If the second and third terms dominate the first term in cases where CG iterations are near a minimum point, CG directions may be large, violating the descent condition (8) and causing saddle points or maximum points to be found.

The descent property and global convergence of the proposed algorithms are proved. Numerical results show that our method is competitive compared to the state-of-the-art CG methods. In fact, in our comparison, the first phases of all CG methods are the same; only the second phases use different CG directions along which the Wolfe line search method is tried.

Section 2 describes two efficient CG methods to remove salt and pepper noise.
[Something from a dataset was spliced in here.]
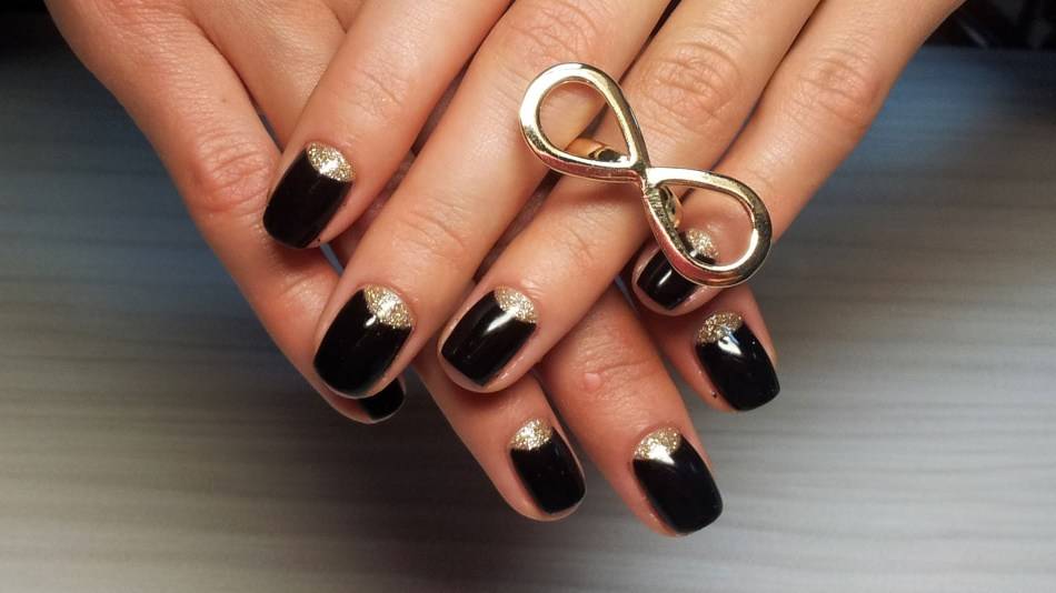 Черные ногти с золотыми лунками
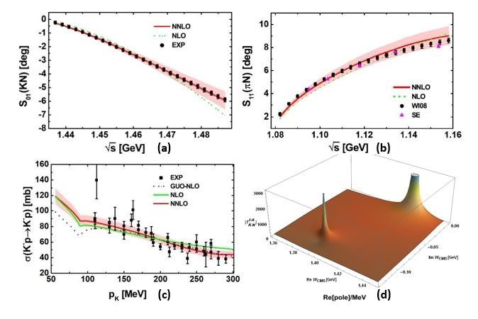 Figure1本研究中构建的协变重子-介子散射振幅对不同奇异数S=1,0,-1(分别对应图a,b,c)的散射数据的描述效果。图d展示了本研究中得到的Λ(1405)双峰结构。

Section 3 gives numerical results to illustrate the efficiency and robustness of the new algorithms. Some conclusions are given in Section 4. Finally, an additional material is reported in Section 5.

4 New efficient CG directions

In this section, we construct two new efficient TTCG methods for impulse noise removal from medical images. Our new directions are spanned by the steepest descent direction \(-\nabla {\textbf {F}}_k\), the previous direction \(d_{k-1}\), and the difference of the gradients \(y_{k-1}\) at the old point \(u_{k-1}\) and at the current point \(u_k\). Moreover, CG parameters are used to improve the numerical results of the noise removal. In practice, each component of \(d_{k-1}\) and \(y_{k-1}\) is adjusted based on the corresponding component of \(g_k\) such that each component of the new direction is no larger than that of \(\nabla {\textbf {F}}_k\). Since in finite precision arithmetic the descent condition cannot be guaranteed numerically without such an adjustment, although this condition holds theoretically, the search direction is almost always orthogonal to the gradient. Hence this adjustment is essential to generate an efficient direction in finite precision arithmetic.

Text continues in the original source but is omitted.